Take the Linux printing system. Openprinting Cups is a wonderful and complex piece of software with parts of it dating back to the earliest Unix printers – probably more than 25 years old. It supports a ton of printers, printer protocols, network protocols, autodetection, printer language conversion. But after all these years, even the printer maintainers find the build process a bit too complex to be able to debug. Now Canonical has found out that life is going to be more secure by adding a layer? These days, I don’t even know where to look if I want to see where a printer was defined: is it Snap cupsd or is it cupsd.

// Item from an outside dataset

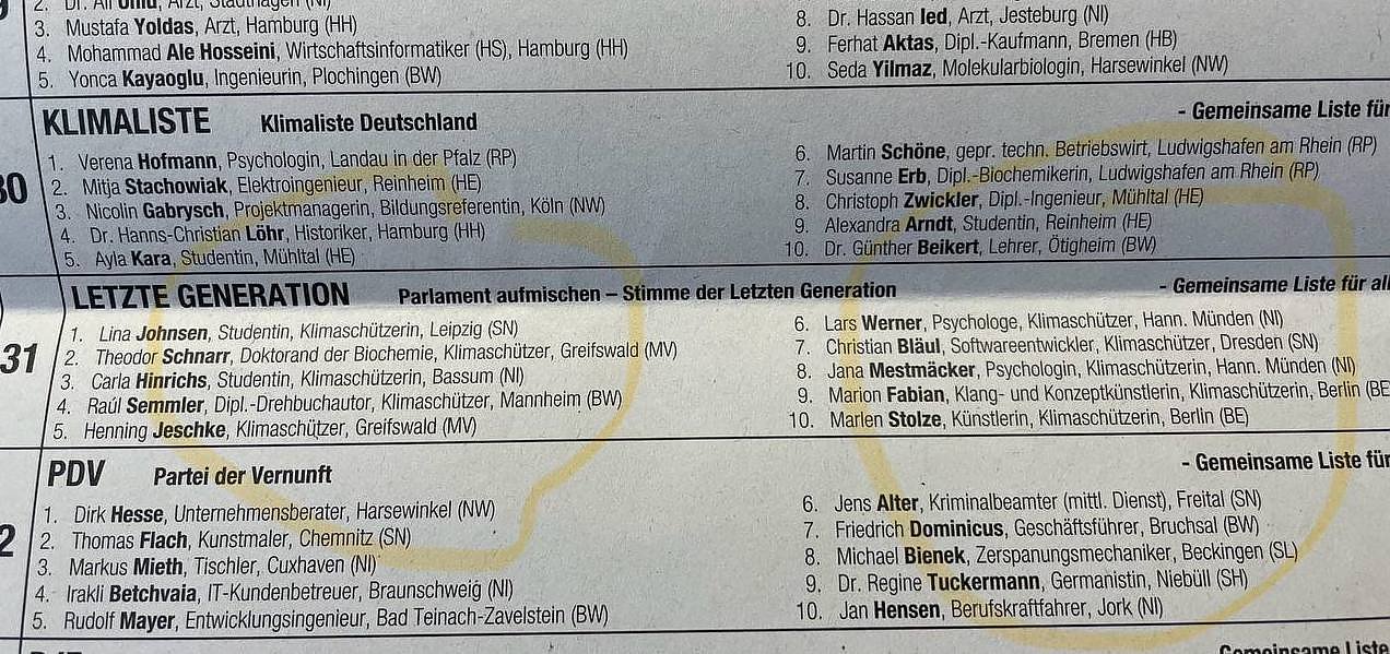 Die liberal-konservative Partei BÜNDNIS DEUTSCHLAND hat sich mit einem Schreiben vom 13. Mai 2024 an die Bundeswahlleiterin mit der Frage gewandt, warum den Kandidaten der "Letzten Generation" (Listenvorschlag 31) neben dem "Beruf oder Stand" (so wie es üblich ist bei den anderen Bewerbern) darüber hinaus die Bezeichnung "Klimaschützer" zugebilligt wurde und anderen Kandidaten nicht. Übersandt wurde auch der beigefügte Wahlzettel.
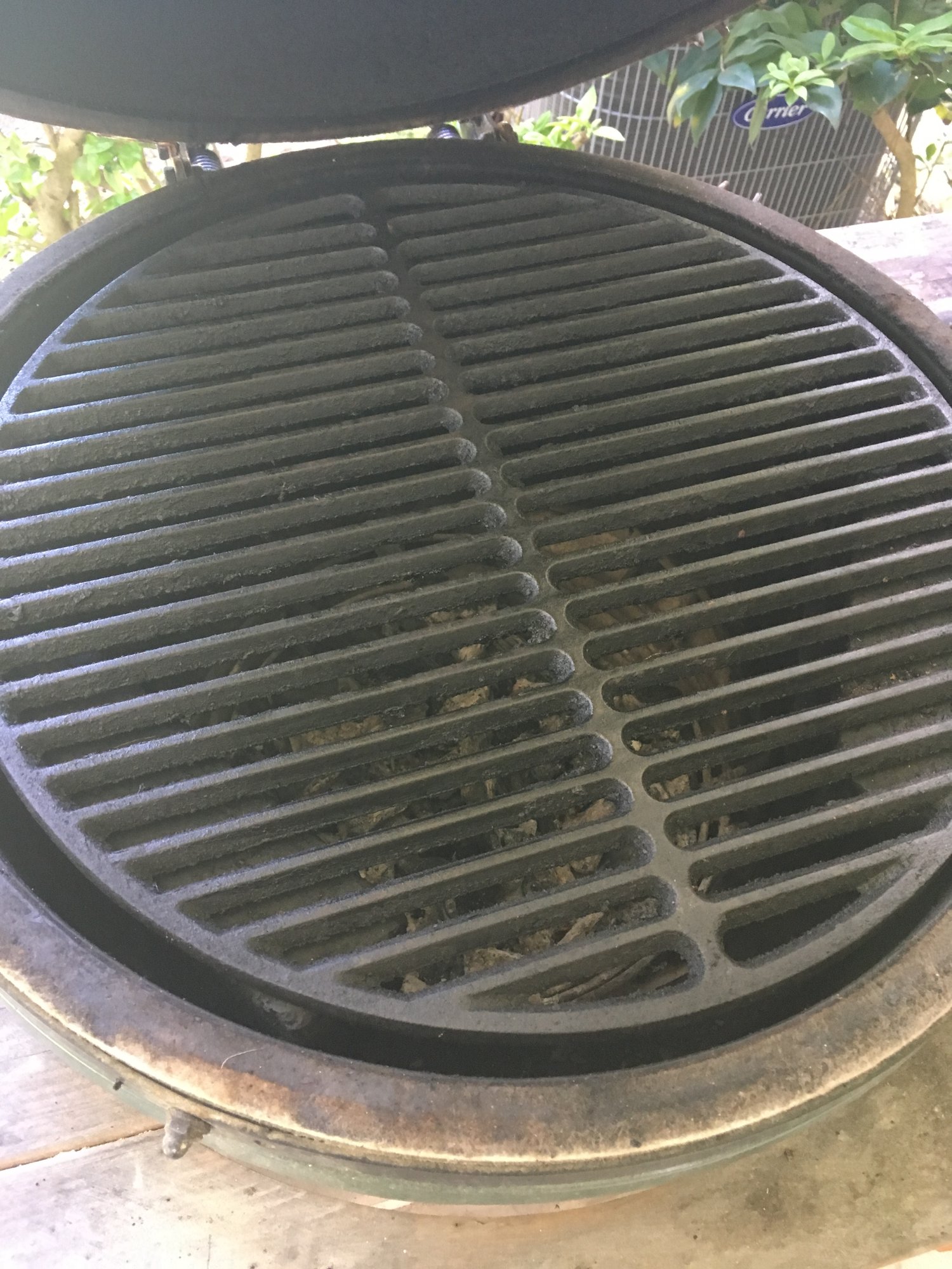 Terra cotta plant saucer instead of pizza stone for indirect. $7. It held up well at temps up to 600. My dog recently knocked it off the shelf and broke it.

Yes, I did read that “outdated devices” are a huge problem and that that was one of the reasons for Snap to come to life. The main reason I’m not upgrading is, in most cases, that I know or suspect that my New And Improved package just doesn’t work. So while Snap may make upgrading easier, it gives me plenty of reasons to not install it in the first place.
Cross platform
Then there is the cross platform promise. This seems to be limited to Snapped Linux distributions and the Microsoft Windows Subsystem for Linux (WSL). My personal opinion is that Windows is a piece of marketeer-driven junk – with ads on the desktop and an absolute vow to not make it easy for anyone to escape the tightly controlled Microsoft ecosystem. So if Snap actually does make software installation easier on WSL, it probably helps Windows users stay on Windows longer.
I just hope Canonical makes loads of money with it but I don’t think the cross platform helps me (or any Ubuntu Linux user) in any way here. Or is there any software Out There that didn’t have an Ubuntu install file – but is on Snap?
Broken
So Snap is broken. It gives me packages with bugs, cross platform compatibility for a platform I’m not using, obscurity during debugging. And most unfortunate of this all is that bugs that would need action for the Linux desktop to become more usable, will just have more competition.